## Problem to work on
Would you copy all lines in the data that contain the word "both"?

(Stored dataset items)
# # # #

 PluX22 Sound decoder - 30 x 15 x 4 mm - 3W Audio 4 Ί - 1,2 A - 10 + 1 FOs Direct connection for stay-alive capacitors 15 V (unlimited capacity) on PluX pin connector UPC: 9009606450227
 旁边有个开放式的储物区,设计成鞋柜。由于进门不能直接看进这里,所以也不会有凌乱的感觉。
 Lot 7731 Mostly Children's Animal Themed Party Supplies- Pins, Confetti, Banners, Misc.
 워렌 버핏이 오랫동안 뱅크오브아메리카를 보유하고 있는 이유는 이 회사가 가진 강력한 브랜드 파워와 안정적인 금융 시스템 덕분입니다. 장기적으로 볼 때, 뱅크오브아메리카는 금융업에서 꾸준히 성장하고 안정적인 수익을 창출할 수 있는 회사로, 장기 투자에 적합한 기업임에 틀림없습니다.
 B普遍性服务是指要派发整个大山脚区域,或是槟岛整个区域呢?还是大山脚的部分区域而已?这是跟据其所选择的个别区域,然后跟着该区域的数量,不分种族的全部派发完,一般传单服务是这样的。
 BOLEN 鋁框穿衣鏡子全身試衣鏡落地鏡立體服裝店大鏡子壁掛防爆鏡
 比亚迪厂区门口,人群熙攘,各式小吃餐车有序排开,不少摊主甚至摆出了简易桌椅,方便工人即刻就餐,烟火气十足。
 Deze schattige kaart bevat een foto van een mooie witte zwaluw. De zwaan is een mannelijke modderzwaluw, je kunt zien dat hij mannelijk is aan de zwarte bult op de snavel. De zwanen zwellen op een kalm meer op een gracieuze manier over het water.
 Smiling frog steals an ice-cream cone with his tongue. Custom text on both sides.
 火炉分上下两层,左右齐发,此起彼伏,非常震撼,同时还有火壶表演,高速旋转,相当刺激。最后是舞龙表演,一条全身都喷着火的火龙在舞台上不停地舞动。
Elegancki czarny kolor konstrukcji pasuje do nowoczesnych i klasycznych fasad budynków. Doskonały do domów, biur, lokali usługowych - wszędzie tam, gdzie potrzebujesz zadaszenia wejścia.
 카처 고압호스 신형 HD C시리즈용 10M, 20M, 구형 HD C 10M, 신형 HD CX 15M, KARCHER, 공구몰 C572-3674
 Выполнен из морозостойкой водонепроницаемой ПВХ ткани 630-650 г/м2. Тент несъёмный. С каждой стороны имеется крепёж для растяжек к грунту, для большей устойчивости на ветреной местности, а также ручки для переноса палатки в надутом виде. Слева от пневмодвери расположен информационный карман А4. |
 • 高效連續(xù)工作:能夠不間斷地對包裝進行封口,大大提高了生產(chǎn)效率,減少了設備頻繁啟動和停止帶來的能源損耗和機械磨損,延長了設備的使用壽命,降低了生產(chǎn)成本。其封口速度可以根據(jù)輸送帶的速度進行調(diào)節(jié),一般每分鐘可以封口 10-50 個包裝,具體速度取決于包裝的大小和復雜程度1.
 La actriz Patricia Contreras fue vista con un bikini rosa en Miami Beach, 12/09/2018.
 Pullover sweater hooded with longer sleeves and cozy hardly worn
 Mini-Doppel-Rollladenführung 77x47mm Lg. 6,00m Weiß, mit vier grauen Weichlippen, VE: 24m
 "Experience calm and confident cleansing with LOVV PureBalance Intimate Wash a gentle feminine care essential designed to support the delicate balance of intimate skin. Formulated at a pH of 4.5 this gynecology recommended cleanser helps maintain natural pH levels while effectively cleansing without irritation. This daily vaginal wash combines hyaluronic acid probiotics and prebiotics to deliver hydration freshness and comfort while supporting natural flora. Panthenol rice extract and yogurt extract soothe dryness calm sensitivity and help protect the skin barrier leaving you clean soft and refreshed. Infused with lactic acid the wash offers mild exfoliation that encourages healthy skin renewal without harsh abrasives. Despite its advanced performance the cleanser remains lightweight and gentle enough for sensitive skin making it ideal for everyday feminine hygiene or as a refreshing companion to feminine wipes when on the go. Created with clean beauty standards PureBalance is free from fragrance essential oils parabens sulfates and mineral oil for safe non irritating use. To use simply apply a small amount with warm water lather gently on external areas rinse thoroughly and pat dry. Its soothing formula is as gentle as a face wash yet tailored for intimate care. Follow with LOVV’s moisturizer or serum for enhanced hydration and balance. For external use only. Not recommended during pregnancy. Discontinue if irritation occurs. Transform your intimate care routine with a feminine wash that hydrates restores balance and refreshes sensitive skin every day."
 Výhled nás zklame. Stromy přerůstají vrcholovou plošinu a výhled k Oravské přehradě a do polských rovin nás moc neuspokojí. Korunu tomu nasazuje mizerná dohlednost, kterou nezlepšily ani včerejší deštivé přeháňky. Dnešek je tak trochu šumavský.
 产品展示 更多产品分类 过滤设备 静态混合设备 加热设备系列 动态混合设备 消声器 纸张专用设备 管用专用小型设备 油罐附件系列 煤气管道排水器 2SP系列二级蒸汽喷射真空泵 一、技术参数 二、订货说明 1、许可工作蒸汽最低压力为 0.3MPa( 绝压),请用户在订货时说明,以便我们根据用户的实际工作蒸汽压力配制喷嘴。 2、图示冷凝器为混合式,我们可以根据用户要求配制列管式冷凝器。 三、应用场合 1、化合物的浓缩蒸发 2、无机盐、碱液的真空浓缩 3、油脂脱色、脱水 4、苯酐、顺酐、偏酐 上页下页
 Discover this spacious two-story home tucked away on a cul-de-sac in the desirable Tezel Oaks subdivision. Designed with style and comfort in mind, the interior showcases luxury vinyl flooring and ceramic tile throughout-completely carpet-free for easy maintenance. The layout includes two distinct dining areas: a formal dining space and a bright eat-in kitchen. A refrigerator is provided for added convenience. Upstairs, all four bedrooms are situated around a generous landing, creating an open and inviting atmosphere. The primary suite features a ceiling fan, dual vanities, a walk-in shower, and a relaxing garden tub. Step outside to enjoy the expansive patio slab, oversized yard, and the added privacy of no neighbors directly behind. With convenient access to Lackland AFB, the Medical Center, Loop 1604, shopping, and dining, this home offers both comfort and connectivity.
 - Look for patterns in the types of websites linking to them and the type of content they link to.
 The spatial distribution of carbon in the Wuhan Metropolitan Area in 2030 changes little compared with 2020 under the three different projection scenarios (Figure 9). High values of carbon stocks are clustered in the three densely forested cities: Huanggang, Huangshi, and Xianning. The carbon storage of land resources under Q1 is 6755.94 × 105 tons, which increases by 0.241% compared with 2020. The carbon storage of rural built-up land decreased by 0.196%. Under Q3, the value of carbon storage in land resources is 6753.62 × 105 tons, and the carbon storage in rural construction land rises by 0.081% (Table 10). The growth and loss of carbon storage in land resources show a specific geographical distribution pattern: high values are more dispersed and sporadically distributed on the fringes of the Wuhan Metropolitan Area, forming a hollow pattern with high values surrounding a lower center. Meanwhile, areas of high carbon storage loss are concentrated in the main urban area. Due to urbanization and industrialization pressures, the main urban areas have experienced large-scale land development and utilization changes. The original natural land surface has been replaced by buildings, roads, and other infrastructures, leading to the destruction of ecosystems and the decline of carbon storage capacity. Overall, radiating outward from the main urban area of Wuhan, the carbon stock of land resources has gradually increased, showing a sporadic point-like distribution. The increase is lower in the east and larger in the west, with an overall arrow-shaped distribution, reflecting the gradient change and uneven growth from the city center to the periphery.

# # # #

## Solution to this task
 Smiling frog steals an ice-cream cone with his tongue. Custom text on both sides.
 Discover this spacious two-story home tucked away on a cul-de-sac in the desirable Tezel Oaks subdivision. Designed with style and comfort in mind, the interior showcases luxury vinyl flooring and ceramic tile throughout-completely carpet-free for easy maintenance. The layout includes two distinct dining areas: a formal dining space and a bright eat-in kitchen. A refrigerator is provided for added convenience. Upstairs, all four bedrooms are situated around a generous landing, creating an open and inviting atmosphere. The primary suite features a ceiling fan, dual vanities, a walk-in shower, and a relaxing garden tub. Step outside to enjoy the expansive patio slab, oversized yard, and the added privacy of no neighbors directly behind. With convenient access to Lackland AFB, the Medical Center, Loop 1604, shopping, and dining, this home offers both comfort and connectivity.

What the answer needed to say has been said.